The paper presents the results of a complex joint Russian-Vietnamese geological, geophysical and oceanographic expedition in the South-China Sea (R/V “Akademik M.A. Lavrentyev”, cruise 88, 2019), as well as related joint Russian-Vietnamese marine and land researches in the area of north and south Vietnam under a series of local FEB RAS – VAST grants. The organizers of the marine expedition are the V. I. Ilyichev Pacific Oceanological Institute of the Far Eastern Branch of the Russian Academy of Sciences (POI FEB RAS) and the Institute of Marine Geology and Geophysics of the Vietnam Academy of Science and Technology (IMGG VAST). In comparison with the Sea of Japan and the Sea of Okhotsk, it can be noted that the active bottom degassing on the on the Vietnamese shelf and slope have is a local, although the intensity of gas-geochemical anomalies is comparable to similar zones in the Far Eastern Seas. For the first time, anomalous methane fields (up to 5000 nl/l) were found in the water column of the South-China Sea, which are comparable to anomalies on the oil and gas shelf and the gas-hydrate-bearing slope of Sakhalin Island.

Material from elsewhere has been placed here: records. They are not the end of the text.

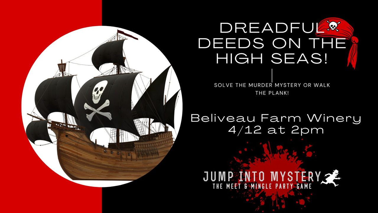 Jump Into Mystery presents Interactive Murder Mystery titled "Dreadful Deeds on the High Seas" on Saturday, April 12, 2025 at Beliveau Farm Winery.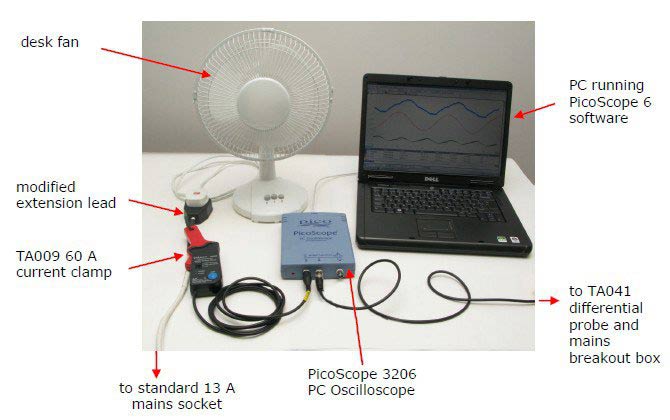 我们将测量主电源台式风扇的功率因数。选择该器具是因为它包含一个小型交流电动机,因此可能具有有趣的电流波形和低功率因数。测量设备如下: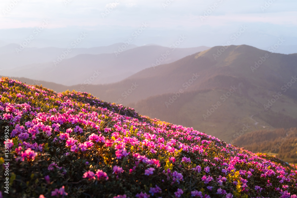 Breathtaking view of a spring mountain meadow filled with blooming rhododendrons, glowing under the warm hues of a sunset-lit sky. Spring mountains. Landscape photography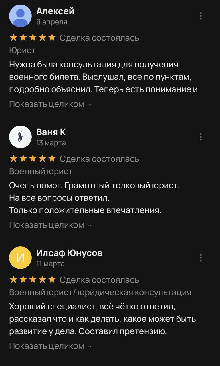 Меня зовут Терезов Антон Михайлович, я юрист по военному праву. Оказываю следующие юридические услуги в области военного права: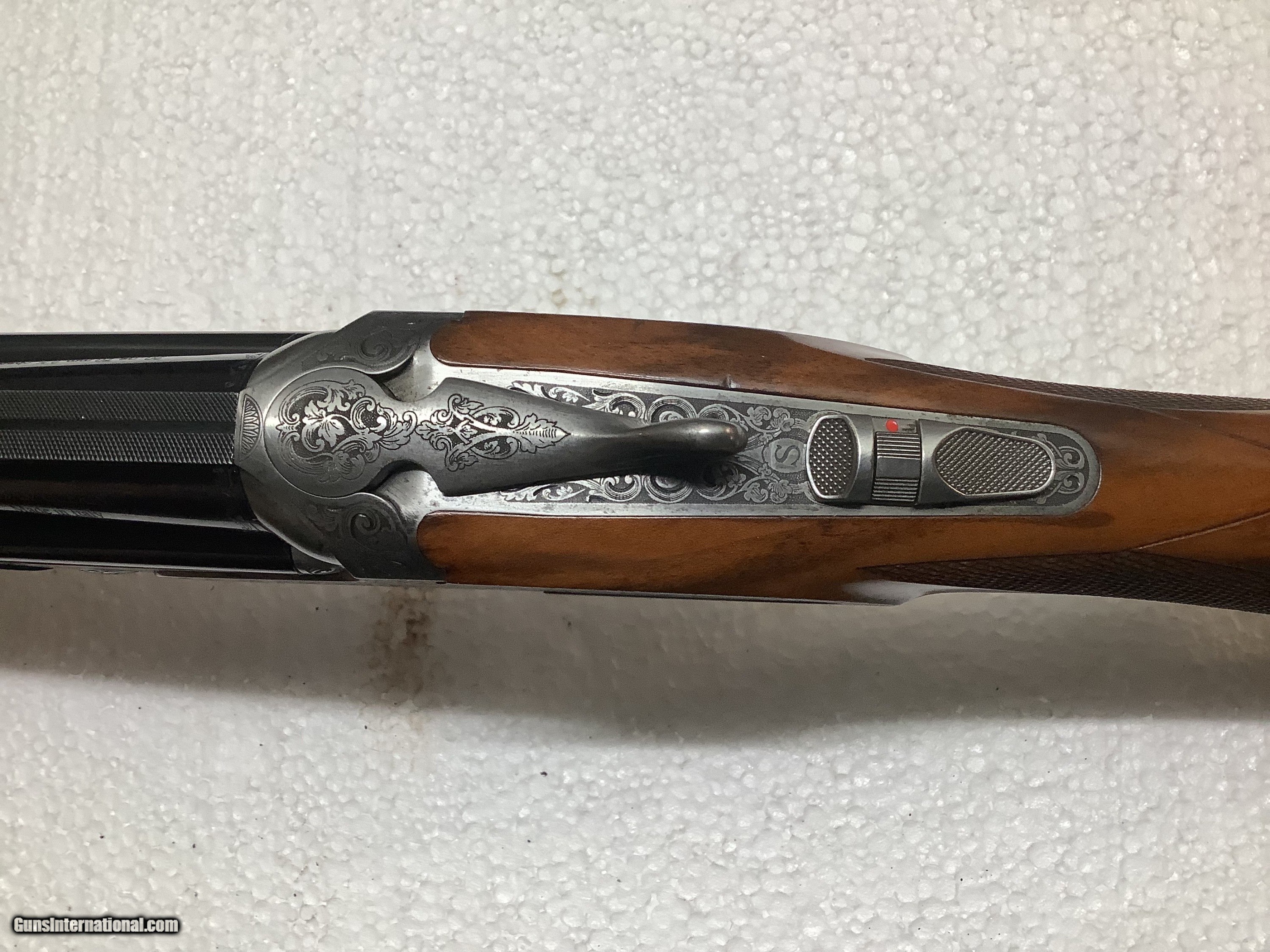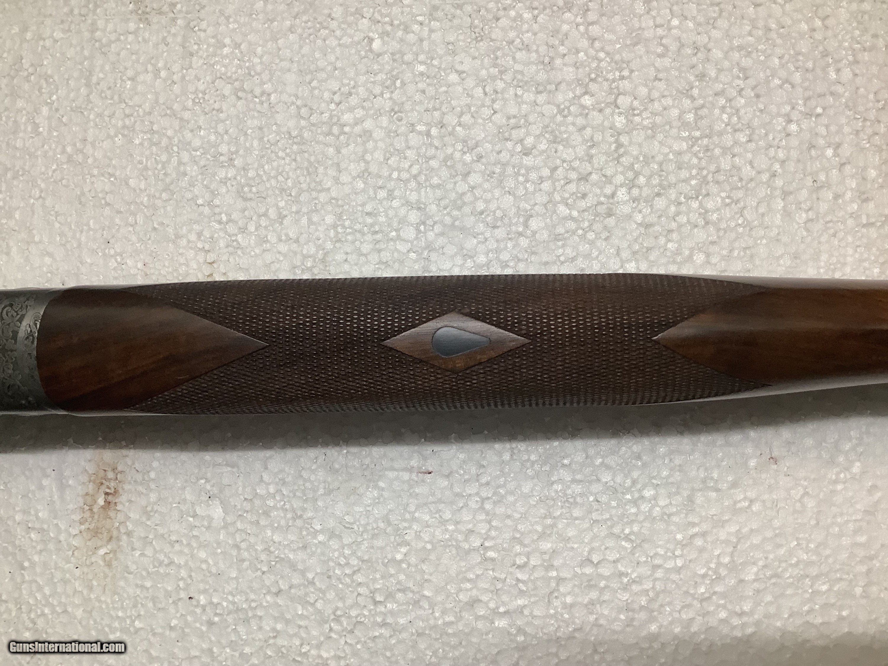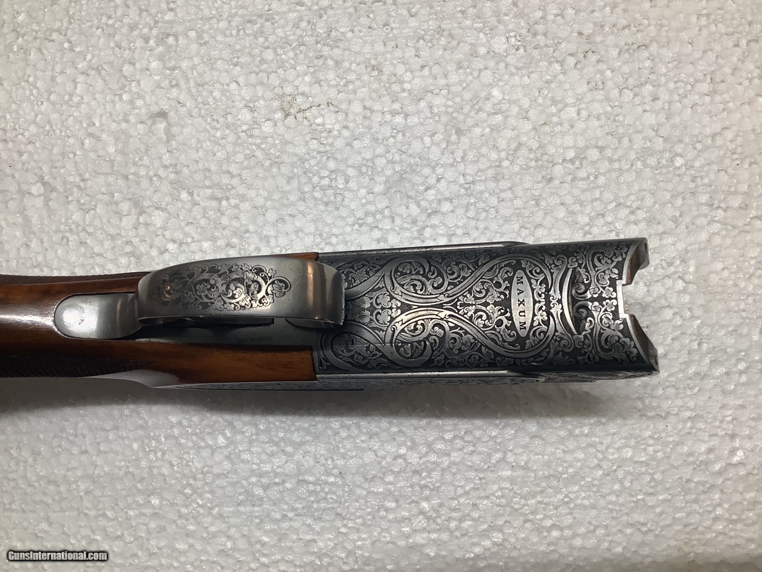 Description: Caesar Guerini Maxum 20ga. Deep relief gothic scroll hand finished engraving by world renowned Italian engraver Bottega C. Giovanelli. Hand polished coin finish. Deluxe grade Turkish walnut hand rubbed oil finish. A beautiful small bore 20ga priced what a 12ga would bring. Shotgun Gauge: 20 Gauge Model: Maxum Barrel Length: 32 Chambers: 2 3/4 Ejectors: Yes Condition: Excellent Metal Condition: Excellent Wood Condition: Excellent Bore Condition: Excellent Stock Comb: 1 1/4 Stock Heel: 2 1/4 LOP: 14 3/4 Weight: 7lbs0oz Chokes: Multi Extended Choke Left: MOD Choke Right: Full Price: $5,500.00 Shipping: $100.00 Contact Seller |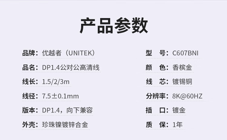優(yōu)越者 DP線1.4版4K144Hz 2K165Hz 8K高清DisplayPort公對(duì)公連接線電腦游戲電競(jìng)顯示器視頻線3米 C609BNI 自營(yíng)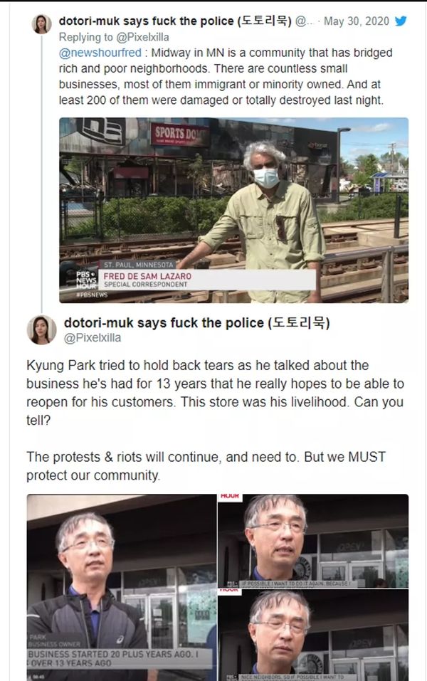 其中,在明尼苏达州,当地越南裔、韩裔还有印度裔等200多个有移民背景人士或少数族裔开设的店铺,都在5月最后几天的当地抗议和暴乱中遭到了不同程度的破坏。其中一个韩裔男子在讲述自己过去13年来赖以为生存的店铺惨遭破坏时,一度哽咽。

Metamorphosed sedimentary and volcanic rocks were discovered for the first time in the southern part of Catba Island (Gulf of Tonkin), which indicates the introduction of an endogenous body into the sedimentary strata and its further transformation. In connection with the discovery in 2020 of the large Ken Bau gas field at the southern end of the sedimentary basin of the Red River, the forecast of POI scientists about the presence of significant hydrocarbon reserves in this area was confirmed.
The work was carried out within the framework of the joint Vietnam-Russia Laboratory for Marine Sciences and Technology (V. I. Ilyichev Pacific Oceanological Institute of the Far Eastern Branch of the Russian Academy of Sciences and the Institute of Marine Geology and Geophysics Vietnam Academy of Science and Technology).
The expedition of the R/V “Akademik M.A. Lavrentyev” (cruise 88) is part of a series of expeditions in accordance with the UN Decade dedicated to the Ocean Science for Sustainable Development.